• Exercise aim: Go to the line holding "5 out of 5 starsThis" in the data below. Return it and each line after it through the last, exactly, and skip the pictures.

• Given data:

━━━━━━━━━━━━━━━━

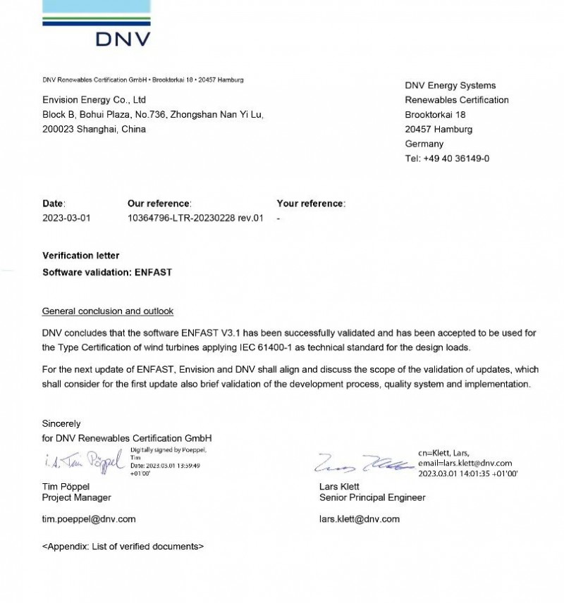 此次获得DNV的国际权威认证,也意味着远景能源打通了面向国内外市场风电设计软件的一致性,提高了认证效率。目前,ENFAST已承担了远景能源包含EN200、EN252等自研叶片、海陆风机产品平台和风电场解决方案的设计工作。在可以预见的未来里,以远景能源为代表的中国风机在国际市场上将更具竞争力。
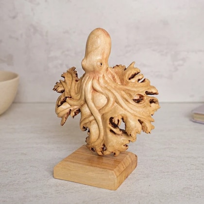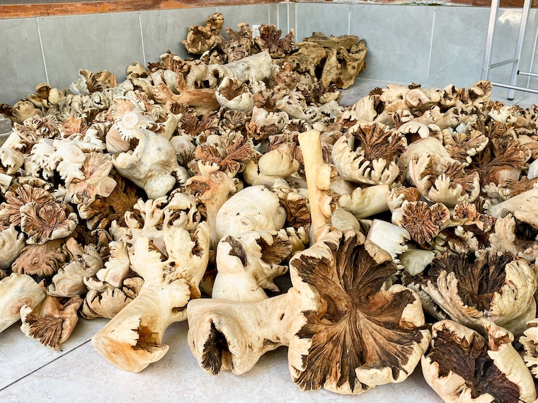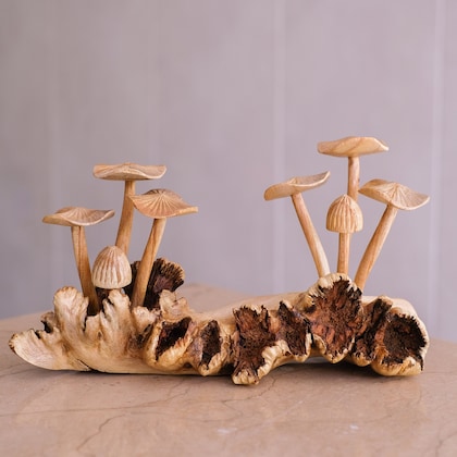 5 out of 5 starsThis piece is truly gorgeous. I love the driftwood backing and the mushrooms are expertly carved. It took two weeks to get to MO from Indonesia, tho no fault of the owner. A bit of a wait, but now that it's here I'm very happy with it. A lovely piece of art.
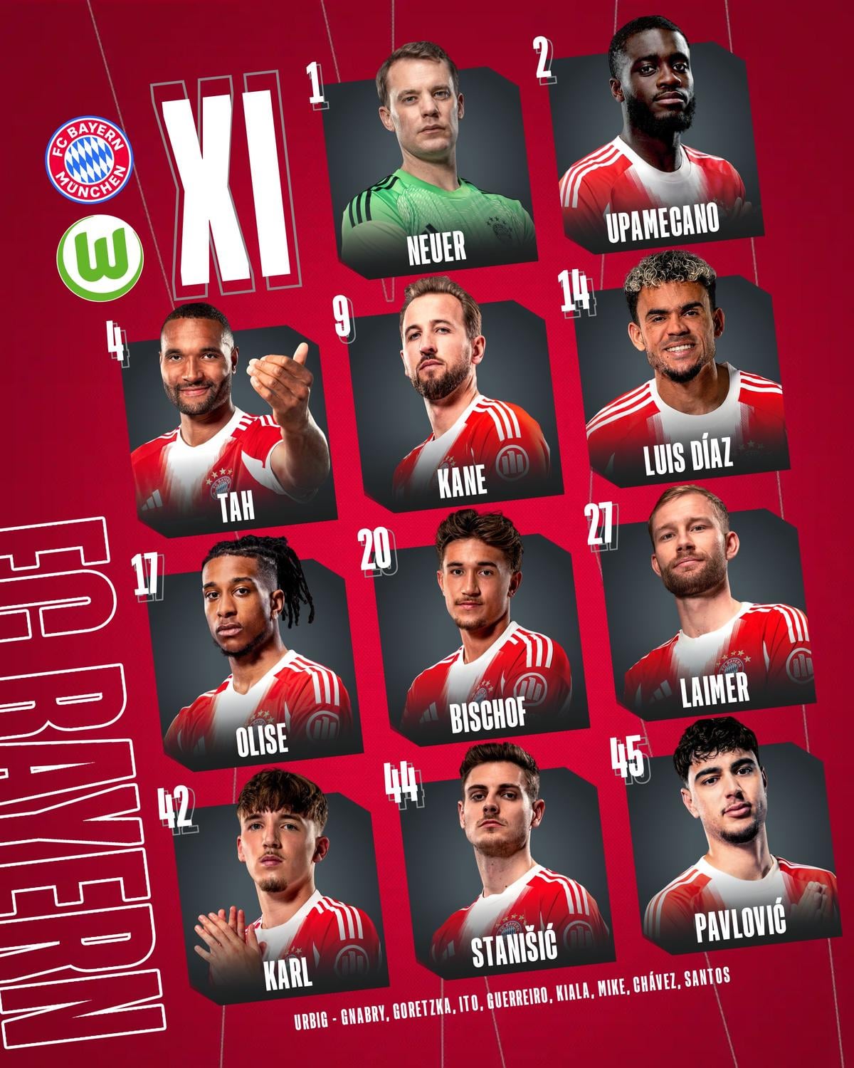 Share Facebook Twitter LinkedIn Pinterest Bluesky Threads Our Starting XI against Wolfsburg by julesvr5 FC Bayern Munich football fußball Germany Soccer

━━━━━━━━━━━━━━━━

• Response for this exercise:
 5 out of 5 starsThis piece is truly gorgeous. I love the driftwood backing and the mushrooms are expertly carved. It took two weeks to get to MO from Indonesia, tho no fault of the owner. A bit of a wait, but now that it's here I'm very happy with it. A lovely piece of art.
 Share Facebook Twitter LinkedIn Pinterest Bluesky Threads Our Starting XI against Wolfsburg by julesvr5 FC Bayern Munich football fußball Germany Soccer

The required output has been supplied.